**WHAT IS EXPECTED:**
Output the data word for word, dropping every image.

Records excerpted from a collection
::::::

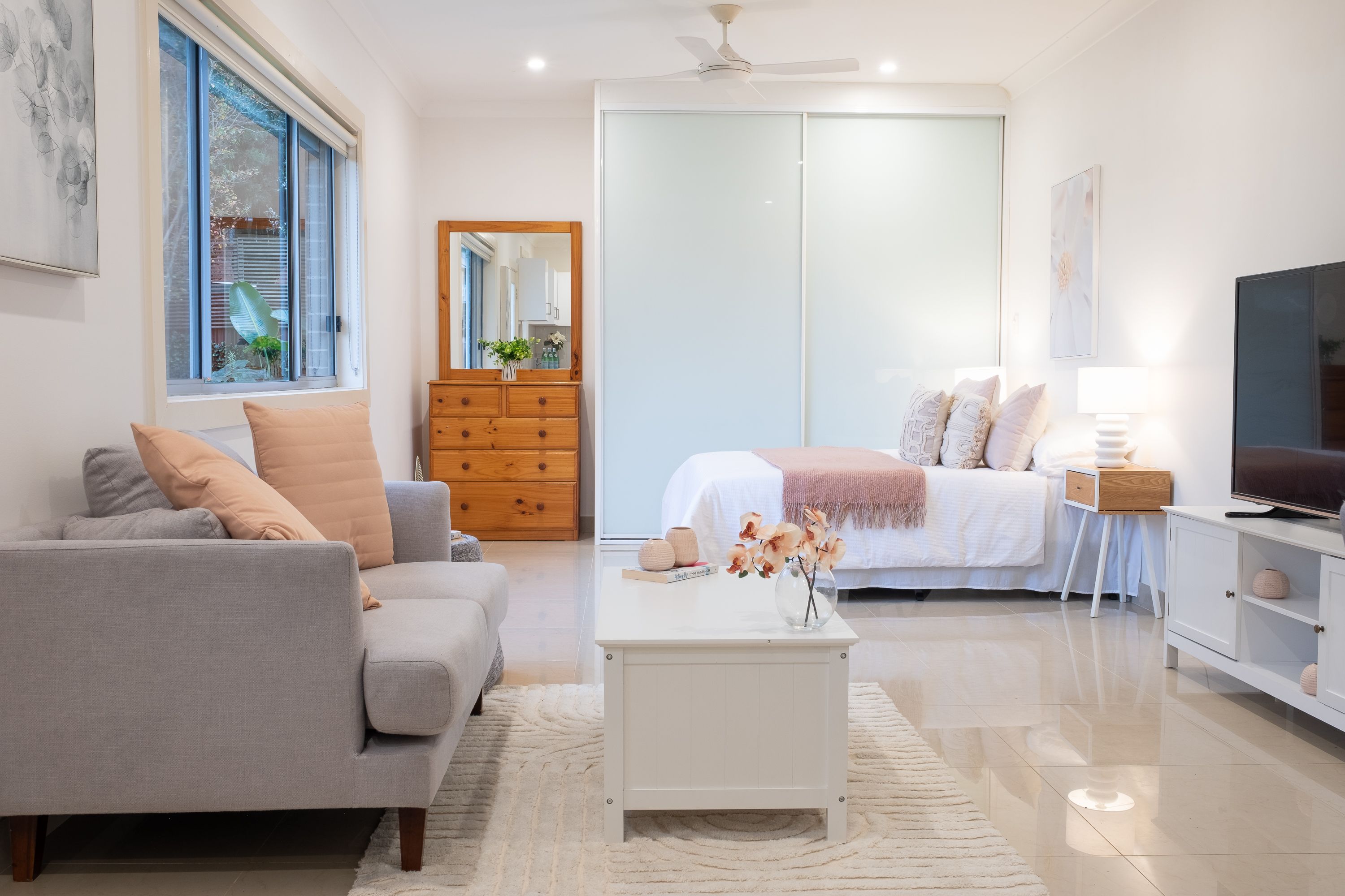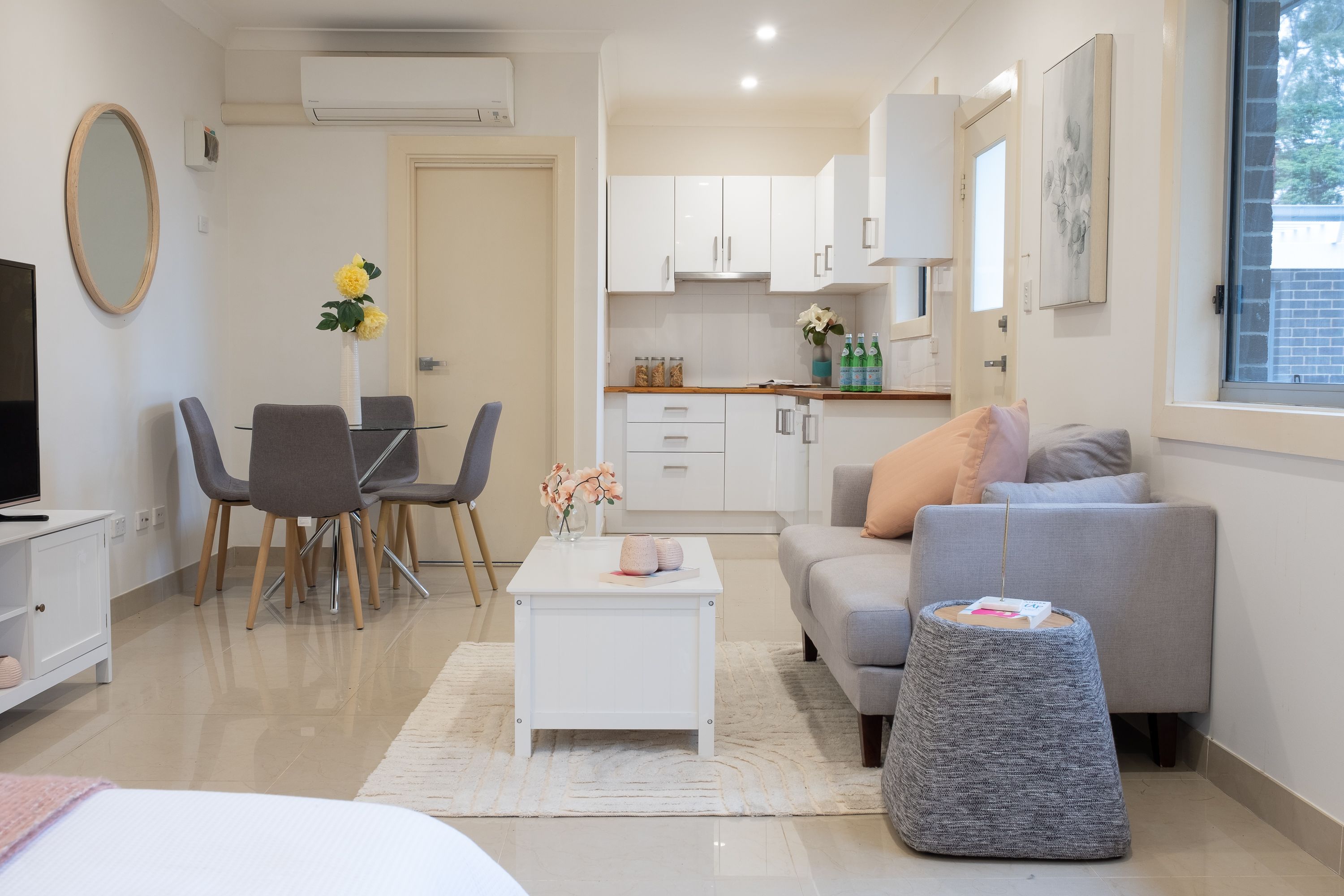- Large laundry with built in cupboards and external access
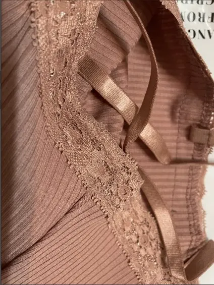 Fast shipping, color and design are the same as description photo. The fabric is pretty elastic, I ordered an L but I usually use a XL or bigger because my chest is 120, however this one fits perfectly. The only bad thing is that being the elastic fabric but the lace don't break the seams, I had to give the whole lace a stitch to make sure it didn't break again and for the time being I 've had no problem.
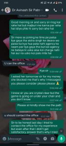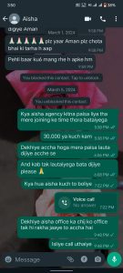 जिसका सबूत व्हाट्स एप्प्स स्क्रीन शॉट सूत्रों के अनुसार ज्ञात हुआ है कि अमन कुमार लैब टेक्नीशियन जून 2023 को इंटरव्यू के लिए पहुचे थे। हमे इंटरव्यू के लिए कार्यालय पहुचने में थोड़ा डेर हो गया था। तो लेडीज डाटा ऑपरेटर सह आफिस सहायक आयसा सिंह ने कहा आपका नौकरी जॉइनिंग मै करवा दूंगी। तीस हजार रूपीए लगेगा। तीस हजार रुपये एक बार मे नही देना होगा।
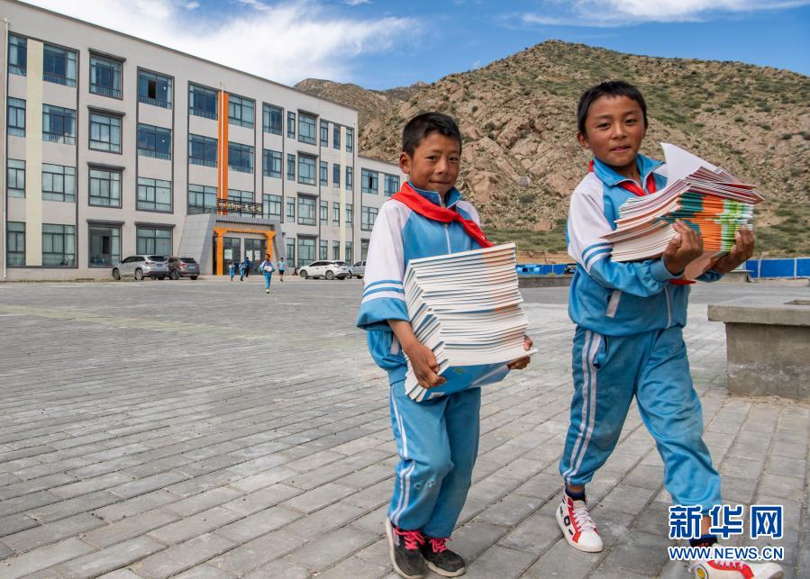 在山南市貢嘎縣森布日幸福家園九年一貫制學(xué)校,剛開(kāi)學(xué)的孩子們搬新書(shū)(8月24日攝)。新華社記者 孫非 攝
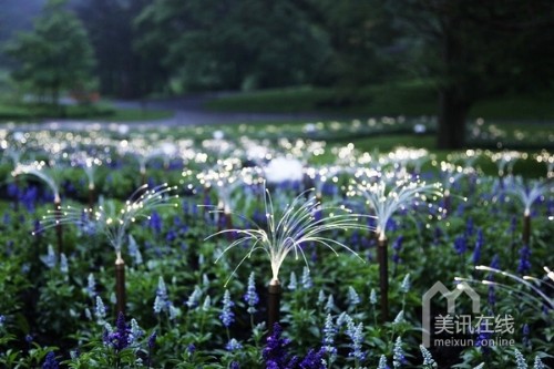 在湖面上Munro運用了閃光的CD漂浮在水面,仿佛在給睡蓮致意。在岸邊,7000森林的燈盞展現(xiàn)了它迷人的誘惑。
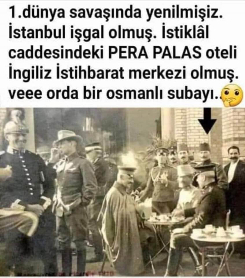 “1. dünya savaşında yenilmişiz. İstanbul işgal olmuş. İstiklâl caddesindeki Pera Palas oteli İngiliz İstihbarat merkezi olmuş vee orda bir osmanlı subayı. Sizce kim olabilir.??” notuyla paylaşılan görsel şöyle:
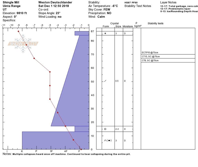 No new avalanche activity to report, but this caught my attention from Ted's ob... "numerous rumbling collapses today was the big red flag along with a poor snow pack structure."
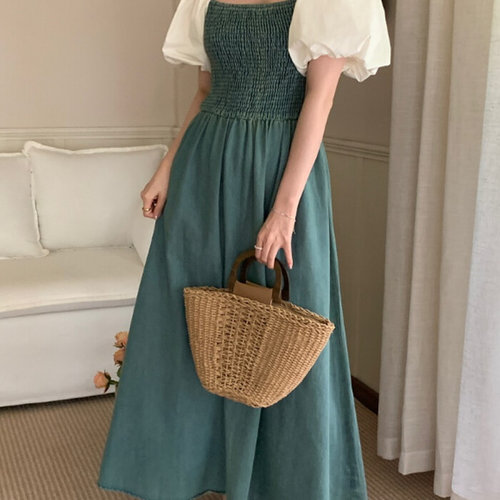 샵앤) 국산 여성 라운드 투톤 배색 주름 오버핏 롱원피스 LL-WDR-4671-베이지
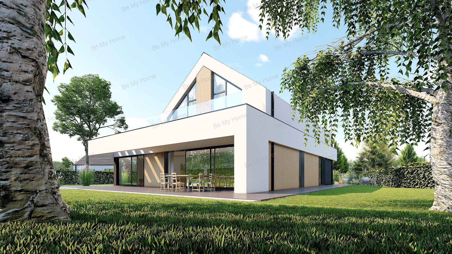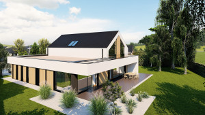 A nettó 274 m²-es, prémium kivitelezésű otthon modern technológiákkal, letisztult eleganciával és extra felszereltséggel készül, kivételesen világos terekkel.

::::::

**EXERCISE ANSWER:**
- Large laundry with built in cupboards and external access
 Fast shipping, color and design are the same as description photo. The fabric is pretty elastic, I ordered an L but I usually use a XL or bigger because my chest is 120, however this one fits perfectly. The only bad thing is that being the elastic fabric but the lace don't break the seams, I had to give the whole lace a stitch to make sure it didn't break again and for the time being I 've had no problem.
 जिसका सबूत व्हाट्स एप्प्स स्क्रीन शॉट सूत्रों के अनुसार ज्ञात हुआ है कि अमन कुमार लैब टेक्नीशियन जून 2023 को इंटरव्यू के लिए पहुचे थे। हमे इंटरव्यू के लिए कार्यालय पहुचने में थोड़ा डेर हो गया था। तो लेडीज डाटा ऑपरेटर सह आफिस सहायक आयसा सिंह ने कहा आपका नौकरी जॉइनिंग मै करवा दूंगी। तीस हजार रूपीए लगेगा। तीस हजार रुपये एक बार मे नही देना होगा।
 在山南市貢嘎縣森布日幸福家園九年一貫制學(xué)校,剛開(kāi)學(xué)的孩子們搬新書(shū)(8月24日攝)。新華社記者 孫非 攝
 在湖面上Munro運用了閃光的CD漂浮在水面,仿佛在給睡蓮致意。在岸邊,7000森林的燈盞展現(xiàn)了它迷人的誘惑。
 “1. dünya savaşında yenilmişiz. İstanbul işgal olmuş. İstiklâl caddesindeki Pera Palas oteli İngiliz İstihbarat merkezi olmuş vee orda bir osmanlı subayı. Sizce kim olabilir.??” notuyla paylaşılan görsel şöyle:
 No new avalanche activity to report, but this caught my attention from Ted's ob... "numerous rumbling collapses today was the big red flag along with a poor snow pack structure."
 샵앤) 국산 여성 라운드 투톤 배색 주름 오버핏 롱원피스 LL-WDR-4671-베이지
 A nettó 274 m²-es, prémium kivitelezésű otthon modern technológiákkal, letisztult eleganciával és extra felszereltséggel készül, kivételesen világos terekkel.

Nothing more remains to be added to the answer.